Shorter concerts would acknowledge shorter attention spans. So be it. Where music is concerned, this is not necessarily a bad thing.
These days, just about everybody in the classical music world has an idea about how to enliven the concert experience.
Stephen Hough, the brilliant British-born pianist and composer, has just put forward what might be the single most effective one, not to mention unquestionably the least expensive: Make concerts shorter, already.
Writing this week in Radio Times, and reported on in The Strad among other places, Hough says, simply:
“At some point in the early 20th century we settled into a pattern: concerts should start early evening and last roughly two hours… I think we should consider removing the intermission and starting either earlier or later than 7:30 pm – 60 to 80 minutes of music, then out.”
Hough is, of course, not the first person to bring up the possibility of shorter, or intermissionless, concerts. But he is among the first front-rank performers -- this is a man who is frequently a soloist with the world’s most celebrated orchestras -- to put the idea out there quite so baldly.

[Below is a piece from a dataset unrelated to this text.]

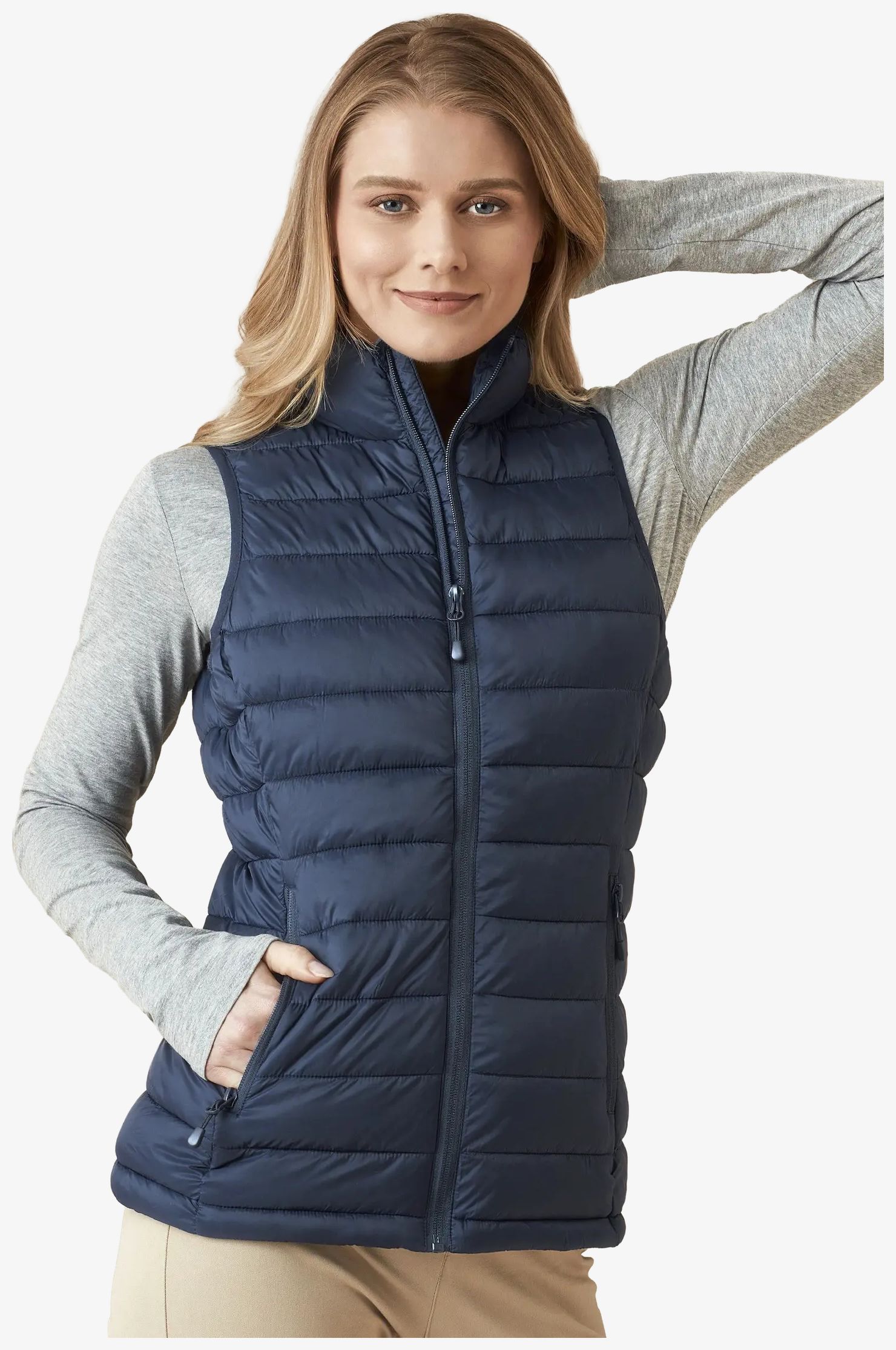 Het lichte doorgestikte damesvest zorgt voor thermische isolatie terwijl het weinig ruimte inneemt dankzij de mogelijkheid om in de binnenzak opgeborgen te worden. Het heeft een opstaande kraag en een verstelbare taille. Het sluitingssysteem gebruikt SBS-ritsen. Twee zijzakken met ritssluiting en een binnenzak zijn aanwezig.

There are, let’s acknowledge, a few orchestras already dipping their toes into this idea. And the chamber music world, which as a rule is light years ahead of the orchestra world with regard to concert experimentation of any kind, has been tinkering with the concept for a while now.

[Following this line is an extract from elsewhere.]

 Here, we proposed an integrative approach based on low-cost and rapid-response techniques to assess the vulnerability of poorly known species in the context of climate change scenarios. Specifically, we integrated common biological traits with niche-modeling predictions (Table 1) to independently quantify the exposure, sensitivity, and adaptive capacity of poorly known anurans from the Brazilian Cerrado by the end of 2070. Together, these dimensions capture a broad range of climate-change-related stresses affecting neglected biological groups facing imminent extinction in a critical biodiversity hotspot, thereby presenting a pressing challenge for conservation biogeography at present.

But if we were to feed all the classical programs presented in the past couple of years into a database -- and someone has probably done that -- I’m sure we’d find that the vast majority of programs are roughly two hours, often more, and with an intermission.
What would be the obstacles to Hough’s idea?
For openers, it would be a change. And the classical concert world doesn’t do change very well, as evidenced by the fact that the no-applause-between-movements custom -- decried for decades by almost every sentient performer and commentator -- lives on and on as if it actually made any sense.
And then there’s the question of dumbing down. In many quarters, shorter concerts would be seen -- are already seen -- as a capitulation to our lazy, untutored, ADHD-afflicted modern audiences.
Let them sit there for two hours or more, like we had to do!
Of course, this argument smacks of the rhetoric that used to swirl around the opera world, when projected super-titles were first appearing in theaters.
“Why can’t audiences just bone up on the libretto before they come to the theater, as in the olden days,” the naysayers would bellow.
I don’t know. Maybe because they were put off by the prospect of memorizing how the gypsy infant (in reality an abducted Moorish duchess) was raised by witches, one of whom turned out to be her coquettish maid’s great aunt on her lecherous “stepfather’s” side?
Bulletin: Super-titles are now in every opera house in the world, and the artform has survived.
Still, let’s be honest: In a way, shorter concerts would indeed be an acknowledgement of shorter attention spans. So be it. Where music is concerned, this is not necessarily a bad thing. The now-famous 1808 all-Beethoven concert in Vienna, which featured the premieres of both the Symphonies No. 5 and 6, along with the Fourth Piano Concerto and a few other things, was something like four-and-a-half hours long. Times change, folks.
To me, this is more than a theoretical issue. Back in the 1980s, when I was the music critic for The Hartford Courant and going to a lot of concerts, I tried to be a student of audiences and their responses. I can remember becoming aware that there was often a moment, toward the end of a longish or possibility difficult program, when the audience would almost palpably separate itself from the performance. Sometimes the moment felt sudden: eyelids grew sluggish, heads listed, shoulders slumped. The room -- as it sometimes does even more noticeably at a play -- had parted ways with what was going on up on the stage. What had, just minutes earlier, been an atmosphere of engagement, was now one of inertness.
I mentioned this phenomenon one day to Michael Lankester, who was then the music director of the Hartford Symphony. Interestingly, he said he could sometimes sense that moment himself, even from the podium and with his back to the audience. It wasn’t simply a matter of coughing or rustling of programs (though they, too, are telltale symptoms), but of an intuitive feeling -- that the rapt intensity every musician strives to achieve had begun to physically leak out of the room.
The point is that altering the duration of a concert is not necessarily some gimmicky device designed to wring out a few quick extra dollars in ticket sales from distractible millennials. It’s really a central feature of how a musical performance unfolds, and how it’s received by the listener -- including the experienced listener.
So the dumb-downers may scoff, but when it comes from someone of the stature of Stephen Hough, this is an idea that all of us who care about this music -- or any music -- should be willing to consider.
Musicians, ticket buyers, presenters: what’s your take?